### EXERCISE INPUTS
________

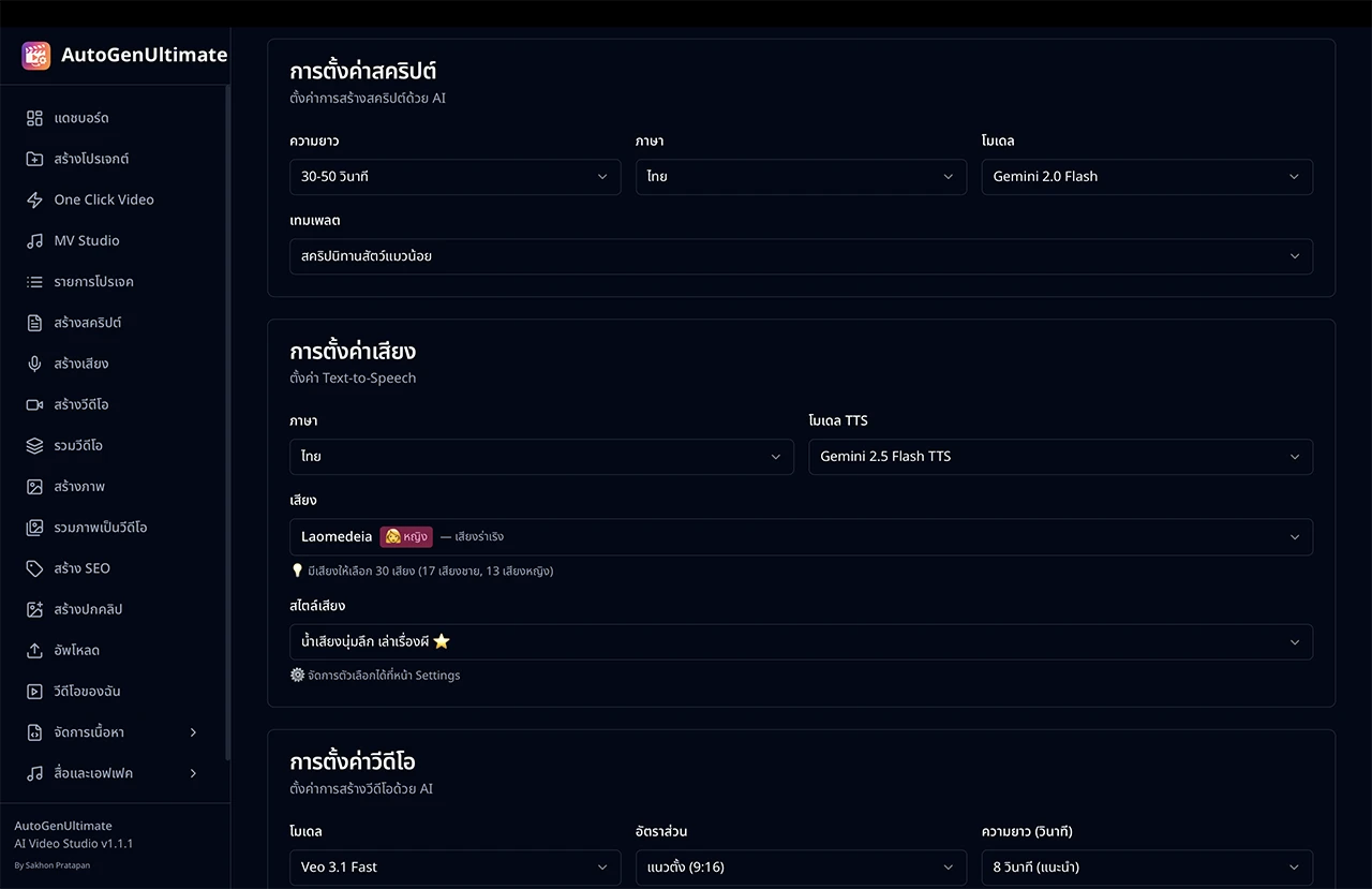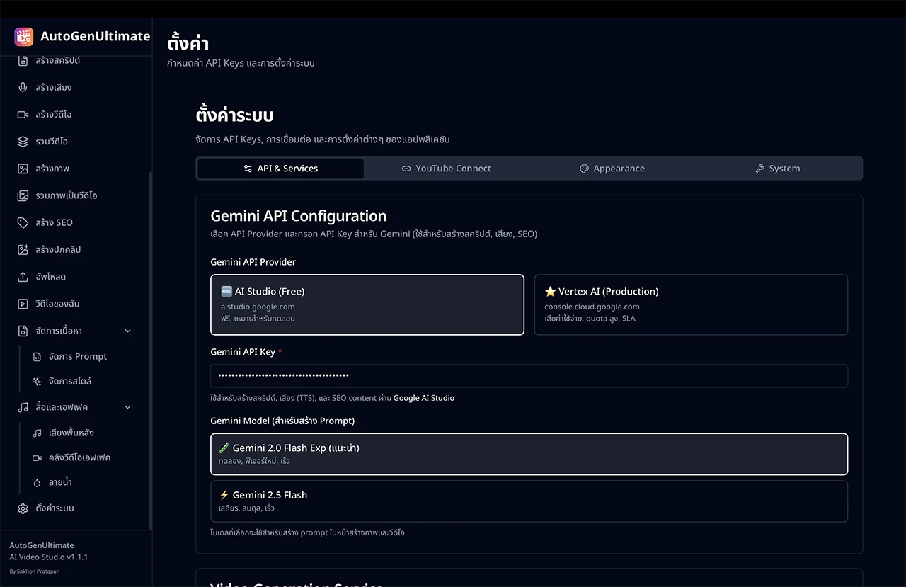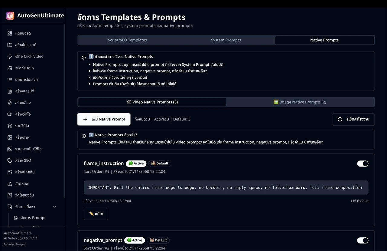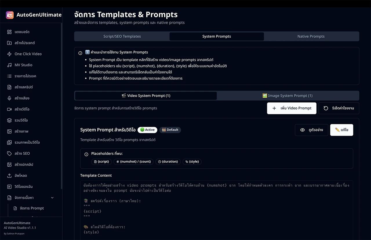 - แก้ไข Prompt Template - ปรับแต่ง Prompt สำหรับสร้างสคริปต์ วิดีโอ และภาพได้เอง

________

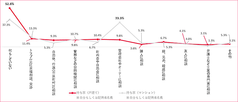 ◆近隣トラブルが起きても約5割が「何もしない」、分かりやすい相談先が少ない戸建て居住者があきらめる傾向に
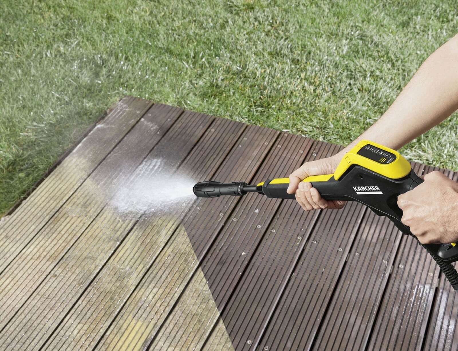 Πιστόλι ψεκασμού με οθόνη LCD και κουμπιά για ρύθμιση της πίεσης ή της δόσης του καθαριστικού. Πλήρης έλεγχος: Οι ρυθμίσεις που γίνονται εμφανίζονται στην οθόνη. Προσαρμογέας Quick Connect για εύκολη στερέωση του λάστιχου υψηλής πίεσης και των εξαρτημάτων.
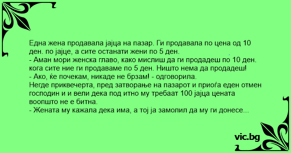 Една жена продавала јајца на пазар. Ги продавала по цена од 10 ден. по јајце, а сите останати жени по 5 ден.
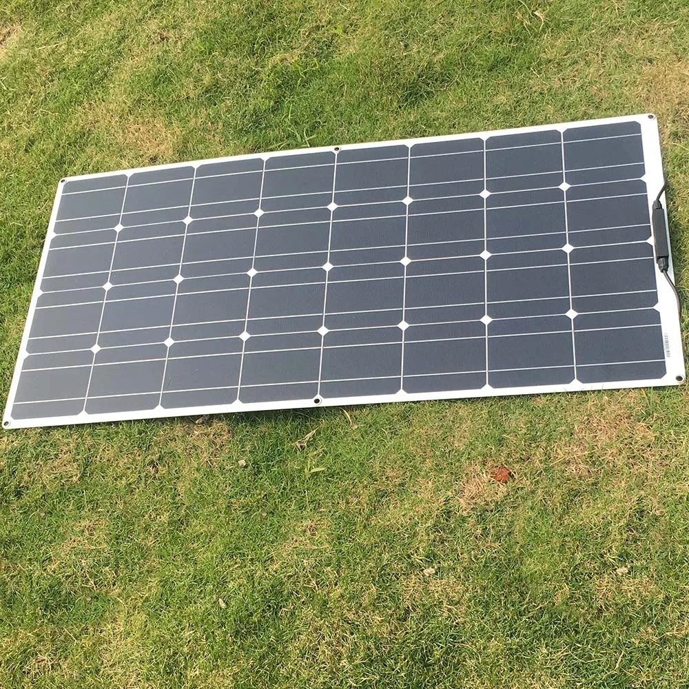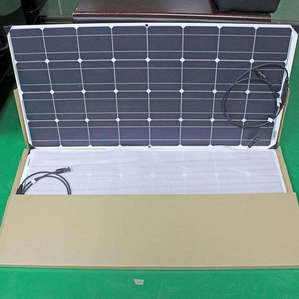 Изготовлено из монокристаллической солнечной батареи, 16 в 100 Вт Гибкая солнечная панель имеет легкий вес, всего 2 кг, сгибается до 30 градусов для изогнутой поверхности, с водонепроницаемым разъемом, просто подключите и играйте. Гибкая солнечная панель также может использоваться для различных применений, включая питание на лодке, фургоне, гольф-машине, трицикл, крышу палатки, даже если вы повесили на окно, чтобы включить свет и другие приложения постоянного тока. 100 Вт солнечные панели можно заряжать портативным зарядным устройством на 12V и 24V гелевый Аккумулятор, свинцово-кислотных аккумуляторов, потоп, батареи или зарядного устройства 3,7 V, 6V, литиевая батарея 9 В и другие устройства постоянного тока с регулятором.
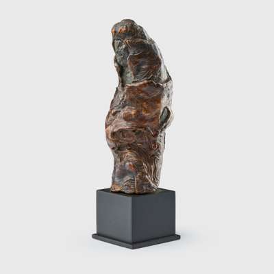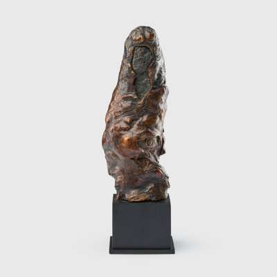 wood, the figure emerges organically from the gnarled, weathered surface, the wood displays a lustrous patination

________

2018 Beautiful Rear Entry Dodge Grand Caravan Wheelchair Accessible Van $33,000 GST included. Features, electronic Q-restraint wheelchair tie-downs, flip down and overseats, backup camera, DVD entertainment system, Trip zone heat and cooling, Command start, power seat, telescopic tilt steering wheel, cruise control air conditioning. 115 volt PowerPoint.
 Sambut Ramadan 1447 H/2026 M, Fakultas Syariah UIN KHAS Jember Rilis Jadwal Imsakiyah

________

### EXERCISE INSTRUCTIONS
From the listing above, repeat only the lines between the line containing "Една жена продавала" and the line containing "wood, the figure", those two included. Pictures are not part of the copy.

### EXERCISE RESULT
 Една жена продавала јајца на пазар. Ги продавала по цена од 10 ден. по јајце, а сите останати жени по 5 ден.
 Изготовлено из монокристаллической солнечной батареи, 16 в 100 Вт Гибкая солнечная панель имеет легкий вес, всего 2 кг, сгибается до 30 градусов для изогнутой поверхности, с водонепроницаемым разъемом, просто подключите и играйте. Гибкая солнечная панель также может использоваться для различных применений, включая питание на лодке, фургоне, гольф-машине, трицикл, крышу палатки, даже если вы повесили на окно, чтобы включить свет и другие приложения постоянного тока. 100 Вт солнечные панели можно заряжать портативным зарядным устройством на 12V и 24V гелевый Аккумулятор, свинцово-кислотных аккумуляторов, потоп, батареи или зарядного устройства 3,7 V, 6V, литиевая батарея 9 В и другие устройства постоянного тока с регулятором.
 wood, the figure emerges organically from the gnarled, weathered surface, the wood displays a lustrous patination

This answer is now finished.